"The black church must get back into the business of developing character, leadership, and entrepreneurial principles in poor people."

With the compelling image of a runner in the back of the pack who must run faster in order to win, author Baker reminds us that African Americans were not blessed with the same starting point as European Americans and did not really enter the race at all until 1965 with the passing of the Voter Rights Act. African Americans now face many deficits that he carefully delineates; but that does not mean, he states, they should quit trying to access their rights. American history was against them, through the years of slavery, Reconstruction, and the Jim Crow era. Baker traces many such ills, even relatively recent ones like President Reagan’s War on Drugs, which demonized at-risk, ghetto-isolated blacks. Baker regards black churches as the only hope for the marginalized. Such institutions, he believes, have the resources to train and prepare individuals for productive work and well-organized family life.
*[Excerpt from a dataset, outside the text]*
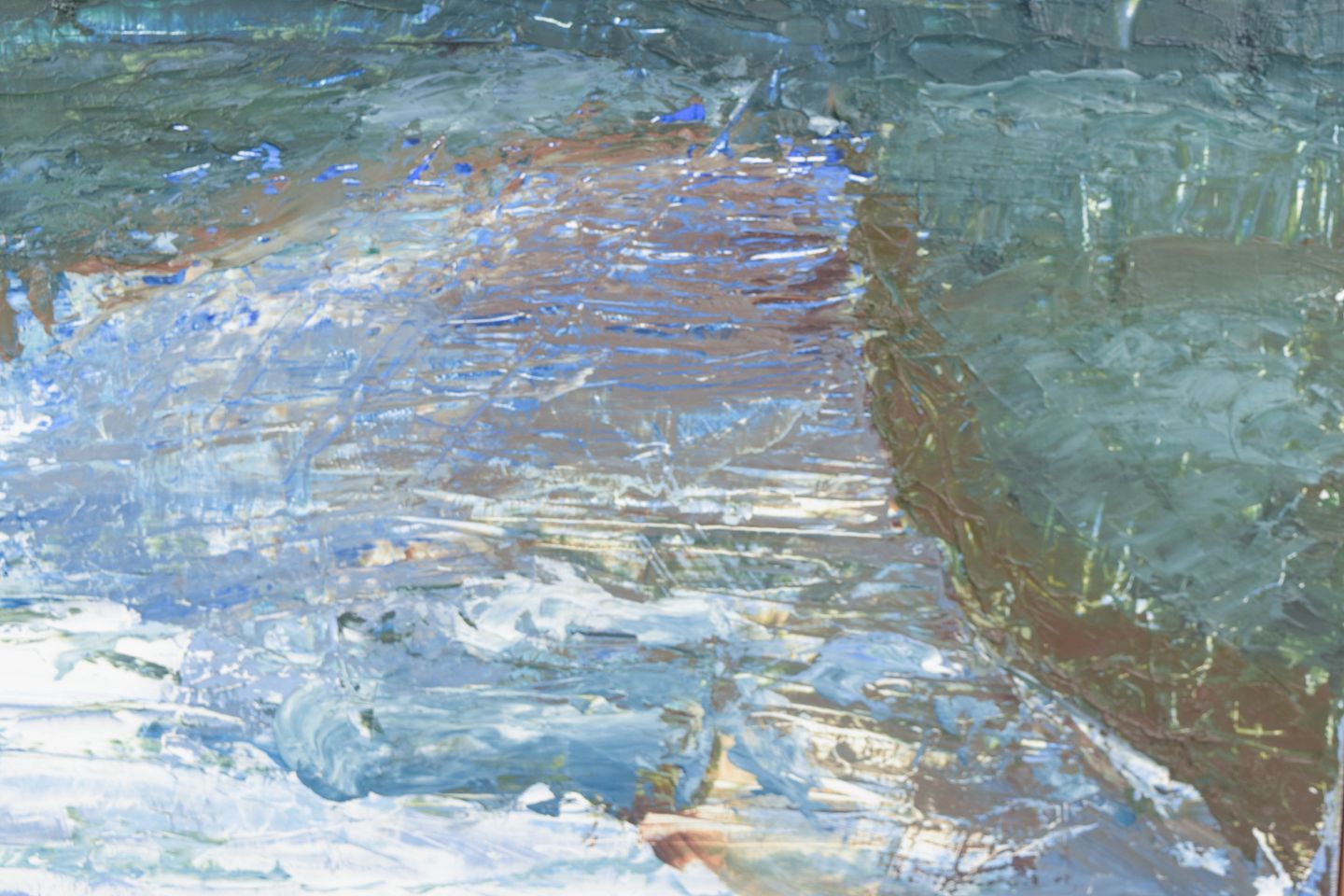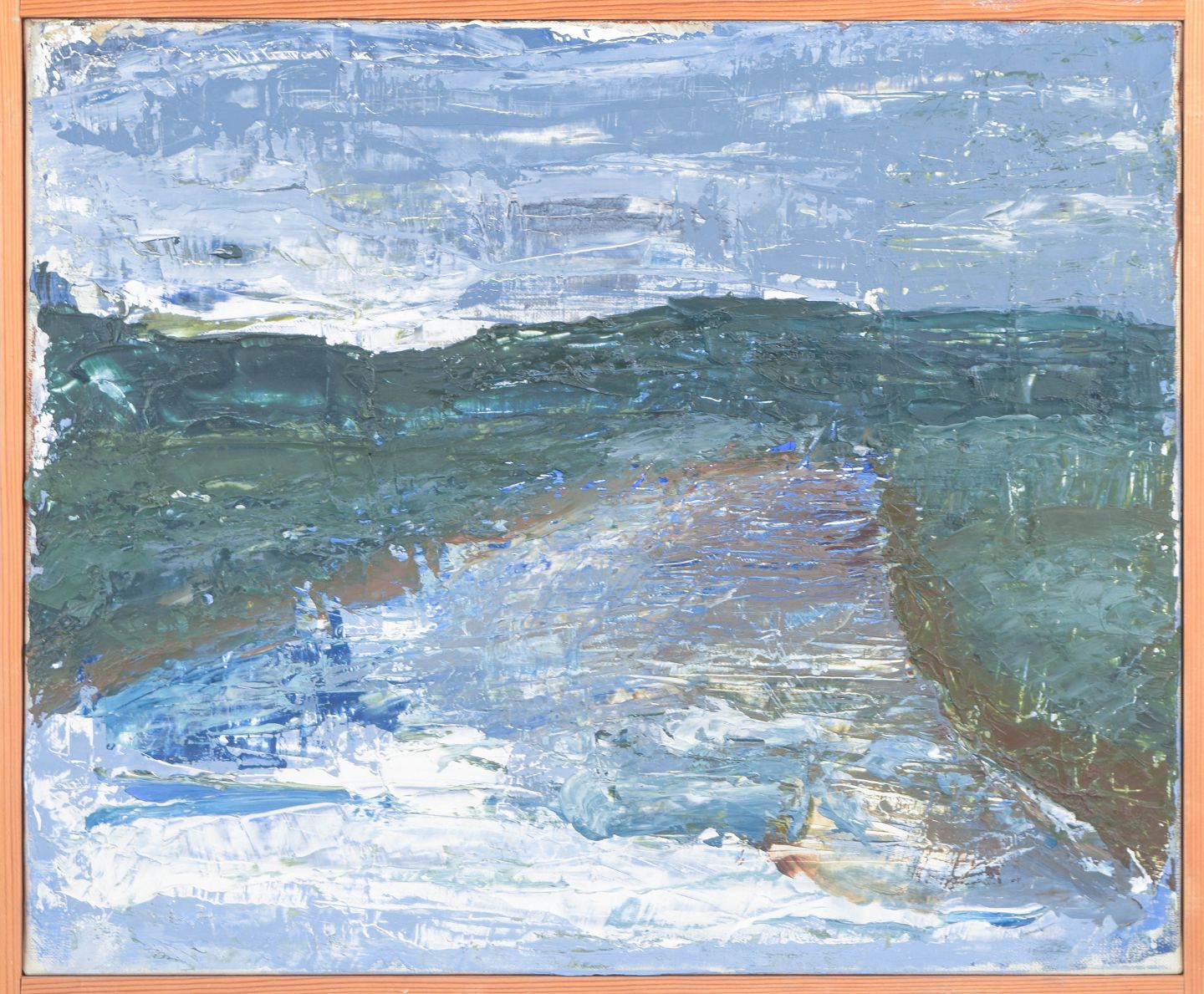 Scandinavian artist, oil on canvas.Expressive landscape composition executed with thick impasto brushstrokes and broad colour areas in blue, green and earthy tones. The composition suggests an open landscape with a stream or path, rendered in a free painterly manner typical of Scandinavian modernism of the 1970s. Unsigned.

Baker, retired from the US Army and now affiliated with United Methodism as a preacher and activist, developed a program—And Step, Incorporated—in 1995. Helpful documentation for that program is included in this strongly worded manual: forms for family budgeting, suggestions for a family mission statement, guidelines for business start-ups, sample employment applications, and more. One item Baker believes to be essential in the training process is “Mandatory Travel Education,” including visiting Shirley Plantation in Virginia, established in 1616, and an example of the use of African slave labor. The author expresses particular concern for the situation of black women who often manage to hold families together despite sexual exploitation often beginning in childhood. He quotes extensively from scripture in support of his proposals and has provided a useful bibliography. Those seriously interested in meaningful community action and the equality of all citizens would benefit from studying Baker’s well-considered ideas.